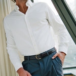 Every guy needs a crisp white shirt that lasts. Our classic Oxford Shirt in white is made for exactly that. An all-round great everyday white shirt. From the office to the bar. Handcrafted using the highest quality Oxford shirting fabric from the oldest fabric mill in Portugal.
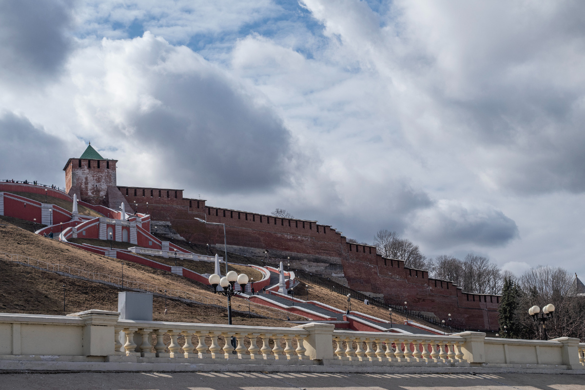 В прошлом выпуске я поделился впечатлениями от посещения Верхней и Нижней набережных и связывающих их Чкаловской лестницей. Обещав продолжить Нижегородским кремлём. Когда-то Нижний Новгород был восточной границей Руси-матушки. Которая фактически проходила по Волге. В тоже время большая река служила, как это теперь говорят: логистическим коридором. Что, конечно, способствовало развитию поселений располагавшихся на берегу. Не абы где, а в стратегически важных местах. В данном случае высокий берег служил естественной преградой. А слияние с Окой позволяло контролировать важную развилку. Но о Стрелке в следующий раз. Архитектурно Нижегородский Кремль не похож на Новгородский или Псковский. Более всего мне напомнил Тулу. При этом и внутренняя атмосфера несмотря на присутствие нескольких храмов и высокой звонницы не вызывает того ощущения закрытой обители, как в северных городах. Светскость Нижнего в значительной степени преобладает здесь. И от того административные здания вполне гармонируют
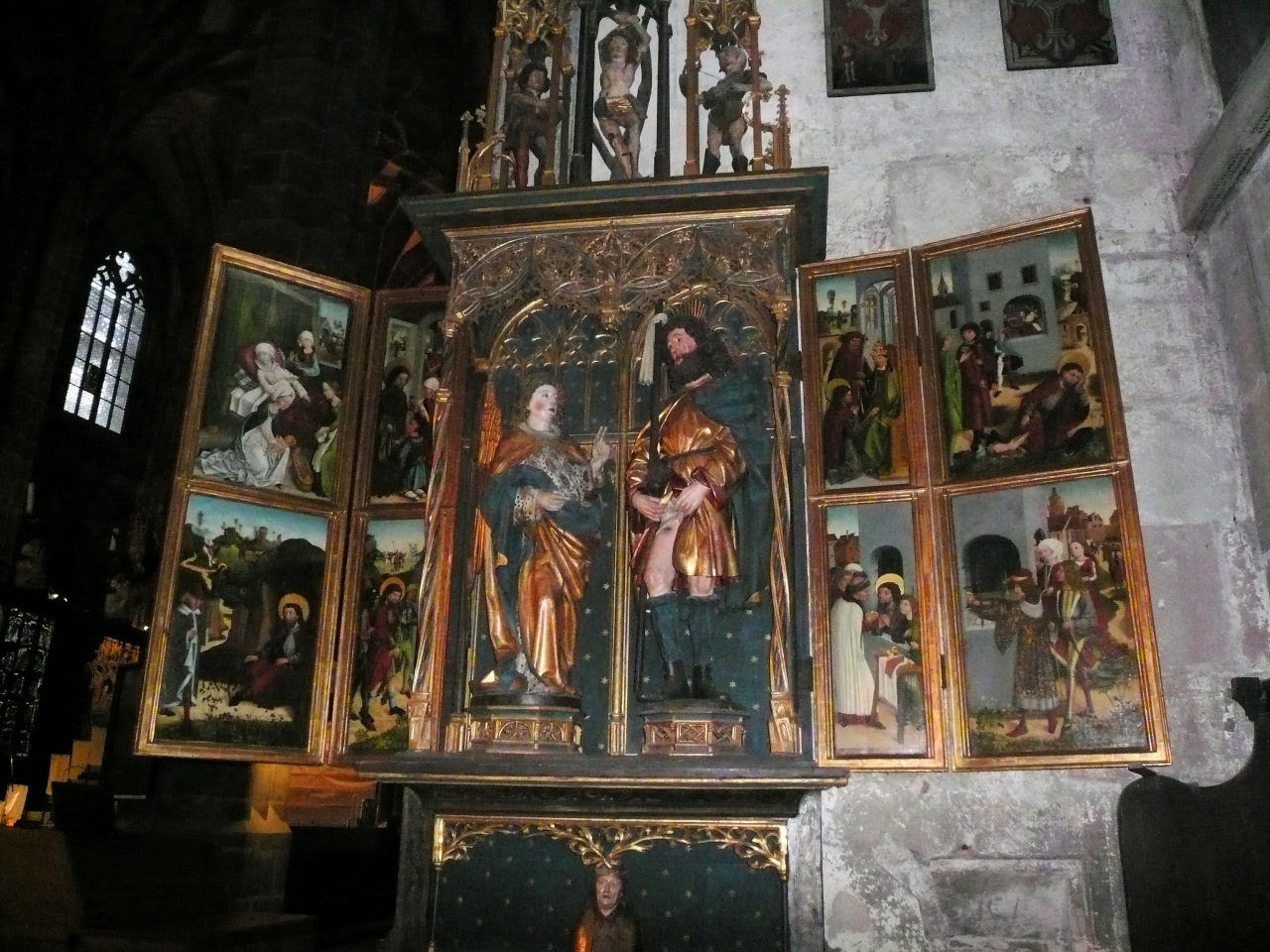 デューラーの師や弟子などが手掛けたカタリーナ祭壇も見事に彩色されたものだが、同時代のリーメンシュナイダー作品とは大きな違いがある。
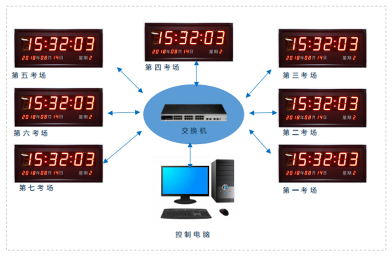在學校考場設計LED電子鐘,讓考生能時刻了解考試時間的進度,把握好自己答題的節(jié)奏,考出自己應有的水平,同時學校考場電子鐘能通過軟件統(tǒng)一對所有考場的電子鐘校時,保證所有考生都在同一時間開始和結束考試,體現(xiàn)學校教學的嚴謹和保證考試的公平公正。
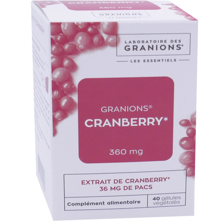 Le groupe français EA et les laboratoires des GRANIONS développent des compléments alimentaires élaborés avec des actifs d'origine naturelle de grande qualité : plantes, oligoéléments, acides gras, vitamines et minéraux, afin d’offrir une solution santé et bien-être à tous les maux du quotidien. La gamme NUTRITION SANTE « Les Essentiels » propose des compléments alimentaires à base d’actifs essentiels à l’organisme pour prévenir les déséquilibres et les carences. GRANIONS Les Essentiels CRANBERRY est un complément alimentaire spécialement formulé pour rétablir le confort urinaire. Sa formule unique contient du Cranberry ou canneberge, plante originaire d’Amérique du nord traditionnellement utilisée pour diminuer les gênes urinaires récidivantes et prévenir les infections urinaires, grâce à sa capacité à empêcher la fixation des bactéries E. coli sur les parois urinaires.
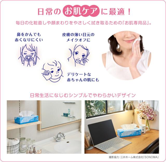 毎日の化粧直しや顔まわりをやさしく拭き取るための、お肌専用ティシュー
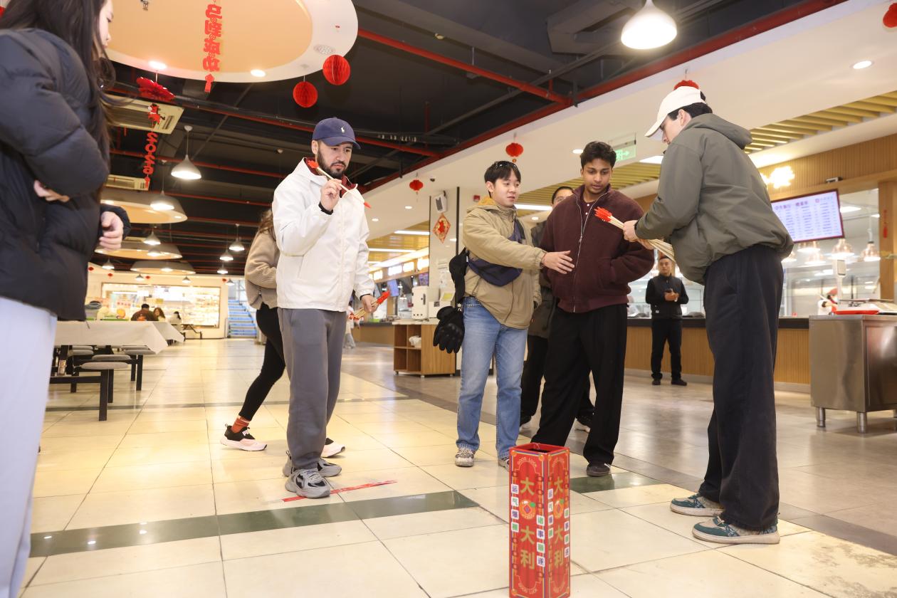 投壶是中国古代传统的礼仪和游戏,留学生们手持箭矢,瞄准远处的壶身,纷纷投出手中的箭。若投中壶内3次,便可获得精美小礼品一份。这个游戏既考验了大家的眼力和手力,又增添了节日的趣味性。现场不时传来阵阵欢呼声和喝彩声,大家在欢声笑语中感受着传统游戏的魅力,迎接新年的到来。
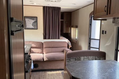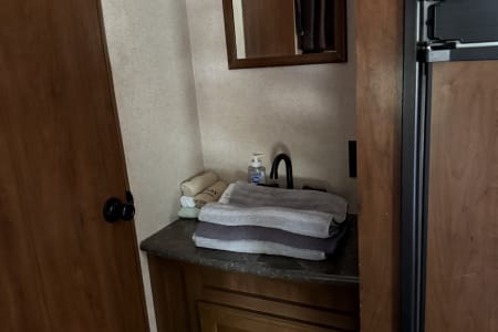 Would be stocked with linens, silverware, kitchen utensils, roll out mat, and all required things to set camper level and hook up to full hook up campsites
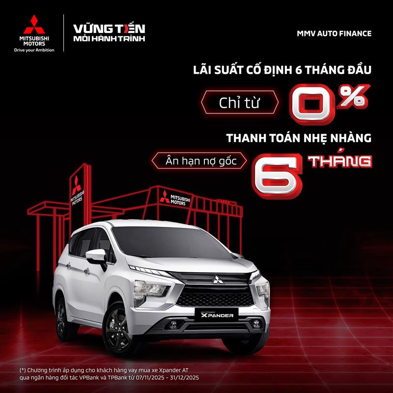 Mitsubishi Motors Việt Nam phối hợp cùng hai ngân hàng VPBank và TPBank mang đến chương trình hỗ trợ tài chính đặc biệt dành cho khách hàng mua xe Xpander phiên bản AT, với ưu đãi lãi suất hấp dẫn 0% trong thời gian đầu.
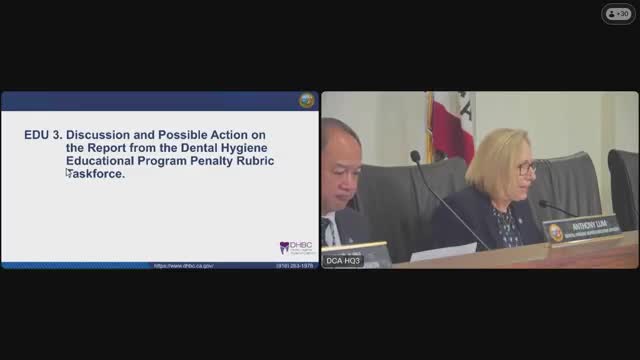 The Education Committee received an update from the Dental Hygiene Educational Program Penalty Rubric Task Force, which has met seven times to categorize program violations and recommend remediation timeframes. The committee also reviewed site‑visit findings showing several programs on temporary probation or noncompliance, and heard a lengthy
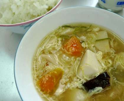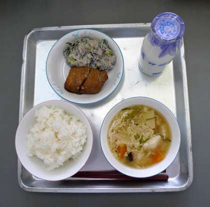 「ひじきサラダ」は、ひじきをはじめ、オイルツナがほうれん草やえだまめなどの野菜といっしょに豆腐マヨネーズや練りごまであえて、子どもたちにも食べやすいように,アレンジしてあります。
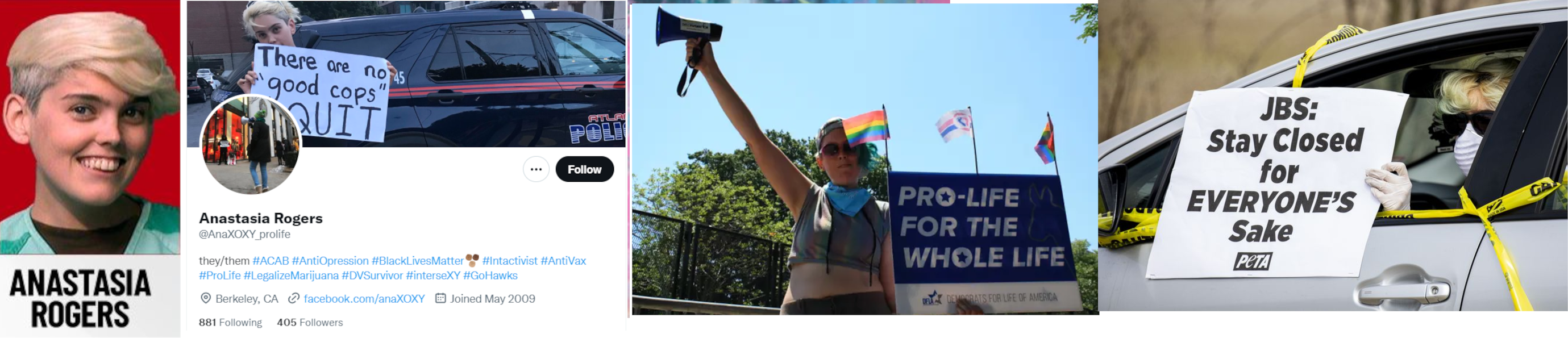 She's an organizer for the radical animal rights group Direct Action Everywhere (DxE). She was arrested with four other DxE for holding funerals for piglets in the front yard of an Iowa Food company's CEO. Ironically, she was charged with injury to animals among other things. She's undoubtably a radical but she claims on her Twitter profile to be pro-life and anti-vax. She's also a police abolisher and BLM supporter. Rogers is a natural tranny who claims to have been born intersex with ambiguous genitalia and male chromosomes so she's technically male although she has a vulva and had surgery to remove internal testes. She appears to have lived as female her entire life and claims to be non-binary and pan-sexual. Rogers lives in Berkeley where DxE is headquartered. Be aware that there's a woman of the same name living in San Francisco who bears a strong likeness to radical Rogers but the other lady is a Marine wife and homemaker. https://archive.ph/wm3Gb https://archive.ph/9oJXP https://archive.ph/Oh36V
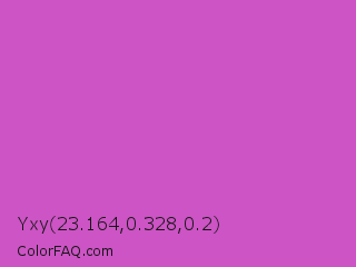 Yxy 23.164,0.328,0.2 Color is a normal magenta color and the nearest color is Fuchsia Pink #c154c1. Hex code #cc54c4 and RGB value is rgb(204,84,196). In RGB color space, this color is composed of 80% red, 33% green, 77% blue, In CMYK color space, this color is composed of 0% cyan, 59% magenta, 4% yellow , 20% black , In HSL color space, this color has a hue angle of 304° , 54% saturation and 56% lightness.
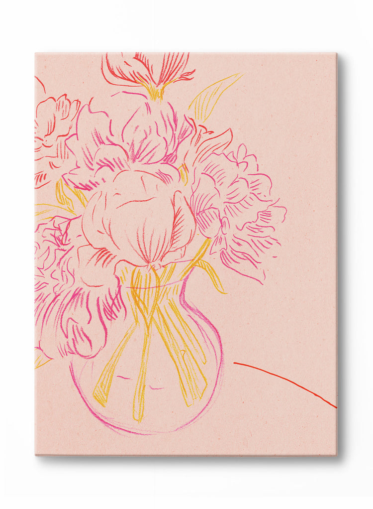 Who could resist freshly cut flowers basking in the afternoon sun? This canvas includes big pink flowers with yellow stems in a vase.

+++

## Try it
Return exactly the stretch above whose first line contains "デューラーの師や弟子などが手" and whose last line contains "在學校考場設計LED電子鐘,讓考生能時刻", and nothing outside it. The pictures should not appear.

## Worked solution
 デューラーの師や弟子などが手掛けたカタリーナ祭壇も見事に彩色されたものだが、同時代のリーメンシュナイダー作品とは大きな違いがある。
在學校考場設計LED電子鐘,讓考生能時刻了解考試時間的進度,把握好自己答題的節(jié)奏,考出自己應有的水平,同時學校考場電子鐘能通過軟件統(tǒng)一對所有考場的電子鐘校時,保證所有考生都在同一時間開始和結束考試,體現(xiàn)學校教學的嚴謹和保證考試的公平公正。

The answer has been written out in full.